Not the ideal competitive setup.

The money pit

Before the competition, I spent about $50 testing models. I ran through 30+ different models across 6 providers. The best performer? Nemotron 120B – a free model via Cloudflare Workers AI. Seed-2.0-pro was decent too.

Then the competition started, and I switched to GPT-5.4. One run: $50. I did three. That’s $150 in two hours of panic.

After the competition, another $50 on weekend debugging sessions. Total damage: north of $250.

My over-engineered stack

I built everything in Rust, from my own libraries. Three layers:

openai-oxide – OpenAI client with caching, websockets, realtime. I like everything about this layer.
sgr-agent – Agent core with SGR patterns from Rinat (thanks to him for both the competition and the ideas – I studied the Python reference implementation).
agent-bit – The competition agent itself.

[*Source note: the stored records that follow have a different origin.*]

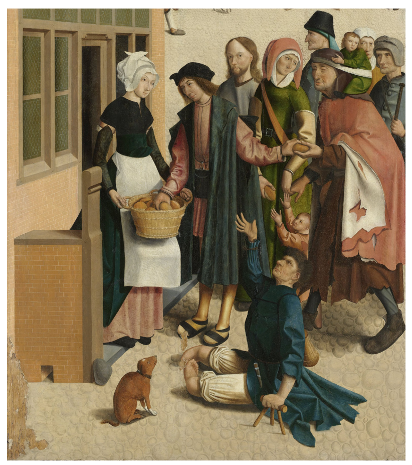
Fig. 4 Master of Alkmaar, The Seven Works of Mercy, Feeding the Hungry (detail), 1504. Oil on panel, 101 x 54 cm. Rijksmuseum, Amsterdam.

Representations of people with a disability with which art historians are more familiar, tend to be the products of that cultural construct, as Henri-Jacques Stiker has shown in a trailblazing 1982 study. They show people with a disability as amusing decorations in the margins of illuminated manuscripts or as crooks who fake a limp or a hump to fool unwitting citizens into handing out alms.
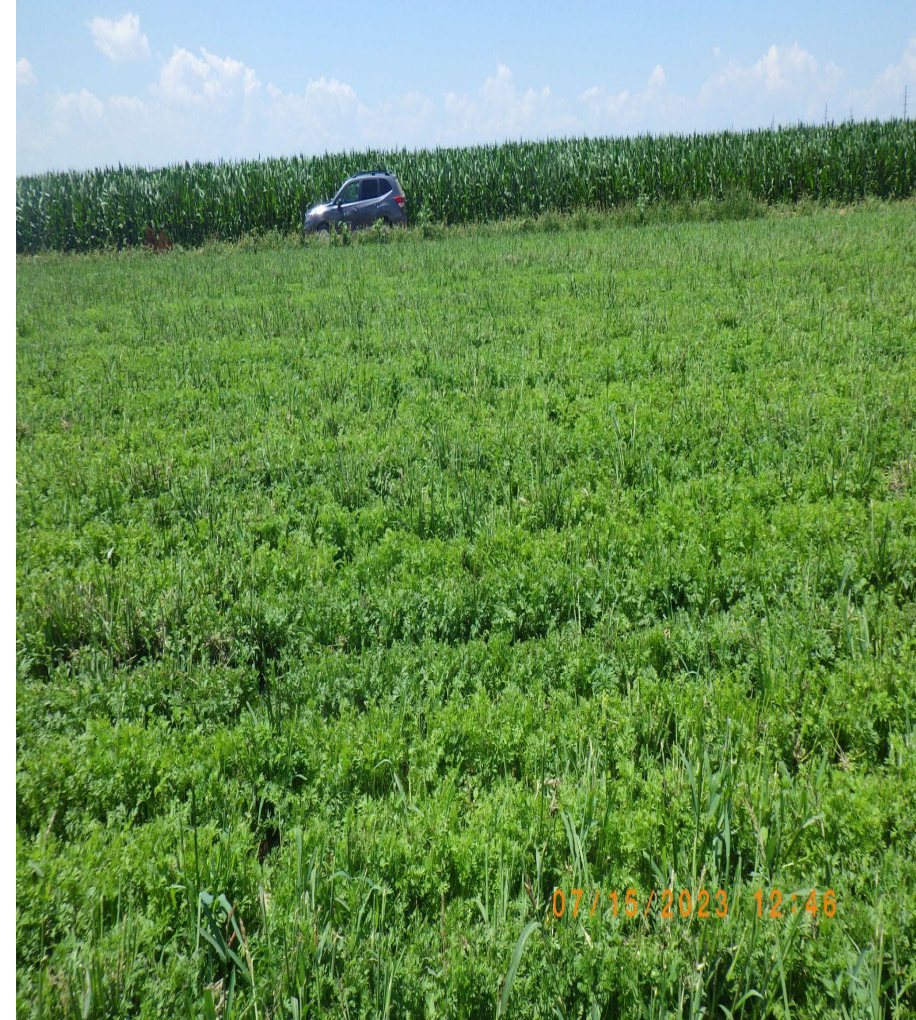
Photo 4. Cardinal photos taken from the middle of the well pad. Left photo facing south, right photo facing west. Note: well pad appears consistent with adjacent reference area (see photo #5).
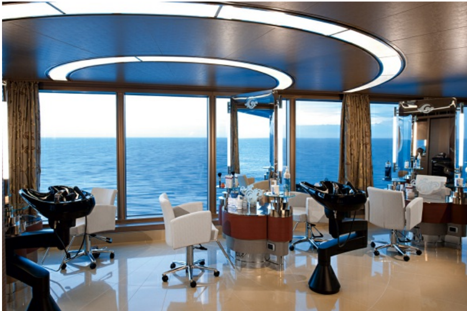
Take in the view of the open ocean while you get a blowout!

All ships have an acupuncturist onboard, stimulating acupoints with needles to alleviate pain, anxiety, arthritis and many other conditions.
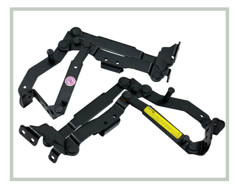
A Lifetime Warranty Comes with all our flip-out hardware

What I built into the architecture:

ONNX classifier (MiniLM-L6) for intent and security labels – runs before the LLM even sees the task
12-feature threat matrix, NLI DeBERTa for injection detection, trust graph, two state machines
15 hot-reloadable skills, hooks, and tools
Agent loop – SGR + function calling hybrid
OutcomeValidator with adaptive kNN on the output side

Was this over-engineered for a 2-hour competition? Absolutely. But this is the agent-mistake-fix-harness philosophy in action – every mistake becomes a permanent fix in the framework.

Architecture deep dive

Here’s how the layers connect:

flowchart TD
    A["CLI\nmain.rs"] --> B["Pipeline SM\npipeline.rs"]
    B -->|Block| X[DENIED]
    B -->|Ready| C["Agent Loop\nagent.rs"]
    C --> D["Workflow SM\nworkflow.rs"]
    D --> E[Answer]

    click A "https://github.com/fortunto2/agent-bit/blob/main/src/main.rs"
    click B "https://github.com/fortunto2/agent-bit/blob/main/src/pipeline.rs"
    click C "https://github.com/fortunto2/agent-bit/blob/main/src/agent.rs"
    click D "https://github.com/fortunto2/agent-bit/blob/main/src/workflow.rs"

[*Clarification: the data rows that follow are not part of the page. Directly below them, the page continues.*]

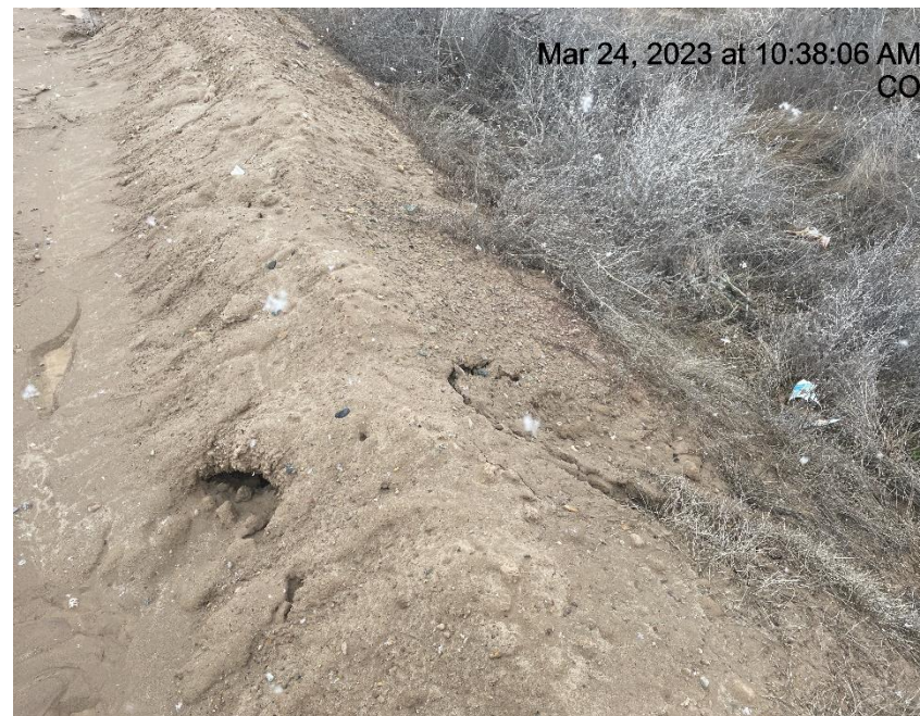
Photo # 3139 Tunnel erosion through berm & transport of sediment off location (east side of pad)
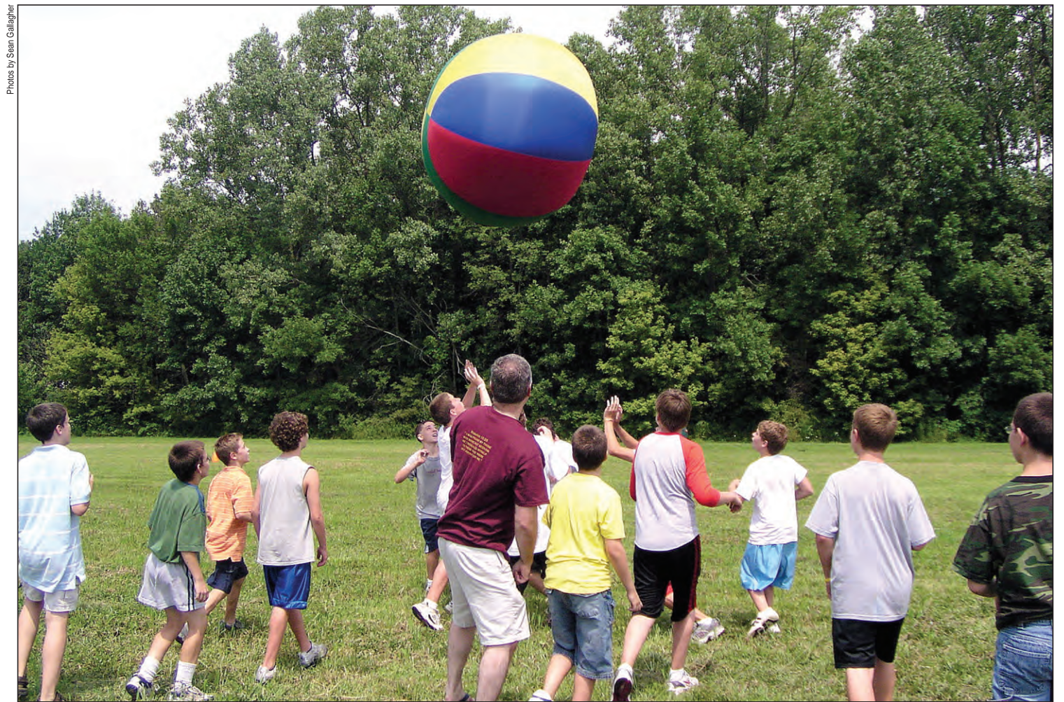
A group of boys play a game of "push ball" on Aug. 4 at Our Lady of the Apostles Family Center in Hancock County during E6, a vocations camp sponsored by Our Lady of the Greenwood Parish in Greenwood.
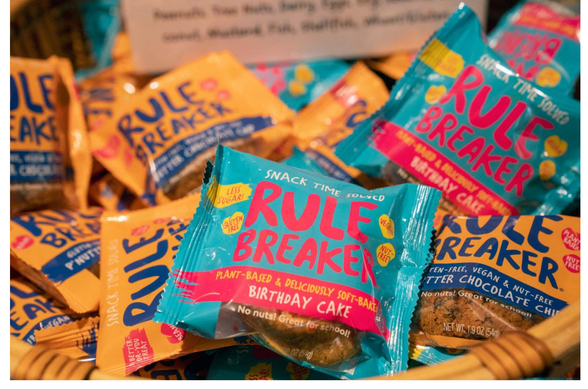
Rule Breaker snacks are new to the ballpark.
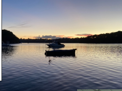
Staying with a family from the Cathedral for the Easter weekend, they live in the most beautiful location, Grays Point. They are so lovely and have been such a blessing to me, I really enjoyed spending time with them.
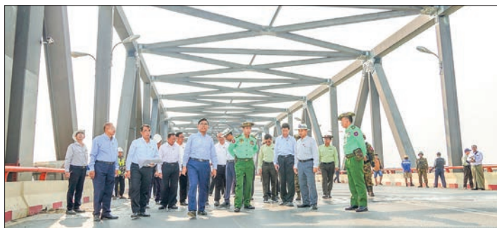
Union Minister U Myo Thant and officials views the damage to the Ayeyawady Bridge.

In response, the Union minister emphasized the importance of the Ayeyawady Bridge (Yadanabon) as a key link between Mandalay and Sagaing Regions, highlighting the need for uninterrupted road communication. He instructed that traffic speed should be reduced to prevent further
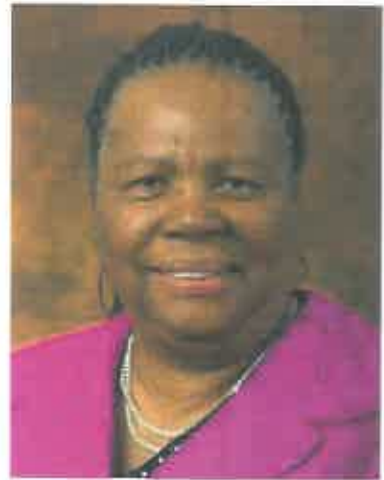
Minister of Higher Education and Training Mrs Grace Naledi Mandisa Pandor

The NSDP and the new SETA Landscape will be ushered in on 1 April 2020. This new dispensation will bring about changes with regards to the leadership and governance in Skills Development. SETAs will remain an authoritative voice of the labour market and experts in their respective sectors. For the country to achieve high levels of economic growth and address unemployment, poverty and inequality, social partners must work together to invest in skills development in order to achieve the vision set in the NSDP of an educated, skilled and capable workforce for South Africa.

Pipeline SM (pipeline.rs) — deterministic, no LLM, blocks threats before they reach the model:

stateDiagram-v2
    [*] --> New
    New --> Classified: ONNX classify
    Classified --> InboxScanned: read + annotate
    InboxScanned --> SecurityChecked: threat score
    SecurityChecked --> Ready: safe
    Classified --> Blocked: threat
    InboxScanned --> Blocked: threat
    SecurityChecked --> Blocked: threat
    Ready --> [*]
    Blocked --> [*]

Workflow SM (workflow.rs) — runs during agent loop, nudges the agent back on track:

stateDiagram-v2
    [*] --> Reading
    Reading --> Acting: first write()
    Acting --> Cleanup: first delete()
    Cleanup --> Done: answer()
    Reading --> Done: answer()
    Acting --> Done: answer()

Two state machines

Pipeline SM runs before the LLM. Pure functions, each transition consumes the current state and returns the next. The compiler won’t let you skip a stage:

// Each state owns its data. Transitions consume self → return next.
pub struct New { pub instruction: String }

pub struct Classified {
    pub instruction: String,
    pub intent: String,              // intent_inbox, intent_delete, ...
    pub intent_confidence: f32,
    pub instruction_label: String,   // crm, injection, credential, ...
}

pub struct InboxScanned {
    pub inbox_files: Vec<InboxFile>,  // content + SecurityAssessment each
    pub crm_graph: CrmGraph,          // petgraph (empty now — lookup_contact on demand)
}

// Pipeline short-circuits at any stage:
pub struct BlockReason {
    pub outcome: &'static str,    // "DENIED", "CLARIFICATION"
    pub message: String,
    pub stage: &'static str,      // which stage blocked
}

Workflow SM runs during the agent loop, tracking what the agent does and intervening when it drifts:

pub enum Phase { Reading, Acting, Cleanup, Done }

pub struct WorkflowState {
    phase: Phase,
    read_paths: Vec<String>,
    write_paths: Vec<String>,
    reads_since_write: usize,       // detect read-loops
    verification_only: bool,         // OTP oracle: zero mutations
    outbox_limit: usize,            // prevent over-processing
    hooks: SharedHookRegistry,       // AGENTS.MD parsed hooks
}

Every tool call goes through the workflow. pre_action() can block it, post_action() injects follow-up messages. No extra LLM calls needed.

Tools: three crates, two loading modes

Tools are split across three Rust crates:

flowchart TD
    CORE["sgr-agent-core\nTool trait + FileBackend trait"]
    TOOLS["sgr-agent-tools\n14 reusable tools, generic over backend"]
    MW["agent-bit/tools.rs\n8 PAC1 tools + middleware wrappers"]
    PCM["PcmClient\nBitGN RPC + read cache"]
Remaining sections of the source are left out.